Monday, May 14, 2012

Every Rose has its Horn


This past weekend was awesome. As many of you may have noticed, the weather was finally fabulous and it appears we may have some sunshine in this lifetime to enjoy. Aside from the bright sunshiney days, I also basked in the brilliance of musical talent.

Saturday evening I went to Jazz at Lincoln Center to see The Music of Jelly Roll Morton as part of their New Orleans Celebration. The Marcus Roberts trio (Marcus Roberts, piano; Rodney Jordan, bass; Jason Marsalis, drums) joined forces with talented horn players (Alphonso Horne, trumpet; Ron Westray, trombone; Stephen Rile, saxophone; Richard Pascal, saxophone; Joe Goldberg, clarinet) for an evening of Jelly Roll’s famous tunes.
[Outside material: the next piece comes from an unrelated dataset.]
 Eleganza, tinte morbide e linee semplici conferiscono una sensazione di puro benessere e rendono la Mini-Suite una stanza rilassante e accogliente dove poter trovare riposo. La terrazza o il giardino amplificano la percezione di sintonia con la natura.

I sat dead center orchestra in the Rose Center theater – which, by the way, is a stunning theater—for the low, low price of $10. TEN DOLLARS! Jazz at Lincoln Center offers Hot Seats, $10 tickets for each Rose Center performance and select Allen Room performances available at the box office on the Wednesday before the show. Cheap tickets in advance! No age or student status required. This was a find, my friends.

The concert was fantastic for those of you jazz fiends out there. These instrumentalists are at the top of their game. Watching Marcus Roberts, a pianist who lost his sight at age 5, was astounding. Something like watching Ray Charles live. The sound of his piano and the horns filled that Rose Center with that old New Orleans, upbeat Dixie sound.
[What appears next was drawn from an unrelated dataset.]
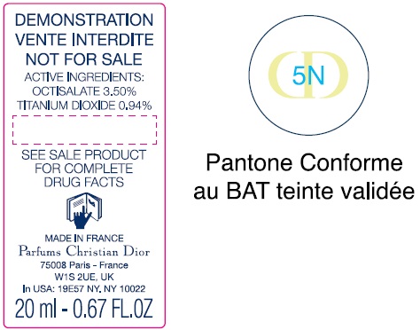 This is a description of a demonstration product which is not for sale and contains active ingredients like Octisalate and Titanium Dioxide. It instructs readers to see the sale product for complete drug facts. It has a reference to Christian Dior Paris and is available in 20 ml. There are also addresses for the UK and USA listed. Additionally, it mentions that the product is Pantone compliant based on a validated color.*

I felt so classy dressing up and heading to JALC, arguably a place where the more sophisticated residents of New York spend their evenings clapping respectfully and drinking $20 beverages with their pinkies up. It felt mature to join this crowd of high-society music aficionados.
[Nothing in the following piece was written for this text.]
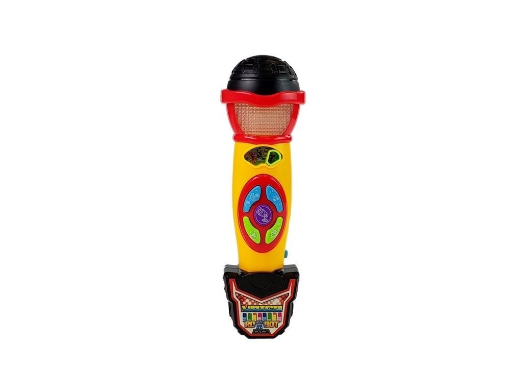 Dětský karaoke mikrofon se světelnými efekty, možností nahrávání a přehrávání přemění Vaše dítě ve skutečnou zpěvačku nebo zpěváka. Je vybavený zabudovanou diodou, která vydává barevné světýlka. Má 20 přednastavených skladeb a má funkci změny hlasu ve 4 různých hudebních stylech. Hračka je vyrobená z kvalitního plastu a určena pro děti od 12 měsíců.

But the music didn’t stop there. I tried my luck at The Book of Mormon lottery for the fifth? sixth? who’s counting anymore? time. I lost. Never have I had such terrible luck at a lottery. It could have been that there are never less than 150 people there, but still. So I decided to just deal with it and try for a Standing Room Only ticket. Now I am VERY against standing room—not the fact that it exists, but the idea of buying a SRO ticket for myself. I KNOW I am going to end up in pain from standing for so long and that it will distract me from the show. But, I was at my wit’s end. So for $27 I had a dead center orchestra SRO seat. I stood the whole show.

This experience, a little less class and a little more sass. The show is fantastic, although the reason it is selling out like mad is because of the shock value in its offensiveness towards religion, Mormonism, AIDs, female circumcision and general poverty in Africa. The humor is not necessarily my cup of tea, which is why I am not instantaneously obsessed.

It’s not that BOM doesn’t deserve a full house, but people wouldn’t be clamoring as they are if this was just a well-put together musical about the same flambouyant Mormon missionaries but they end up working in, say, England. The British aren’t that amusing to make fun of.

Andrew Rannels (Elder Price) totally deserved his Tony nom. His voice is clear as a bell. It does not sound like he has been singing that song, that high in his range, 8 times a week for over a year. Brava. The story is solid, unlike so many Broadway shows with characters you don’t feel for (see: Ghost The Musical) or haphazard books. The music is of the classic showtune variety and each song sounds like it has a place in THIS show in one unified score.

I feel like sending Casey Nicholaw (Director/Choreographer) a Valentine. I love his work and he is truly a master at classic Broadway. He allows the show and its dance numbers to be cheesy at times, but not overly so. He demands character depth from his actors.

All in all, the show is great, but it IS offensive. This time: every rose has its thorn, and for me, much of the humor in the script was the thorn on this blossom of a musical.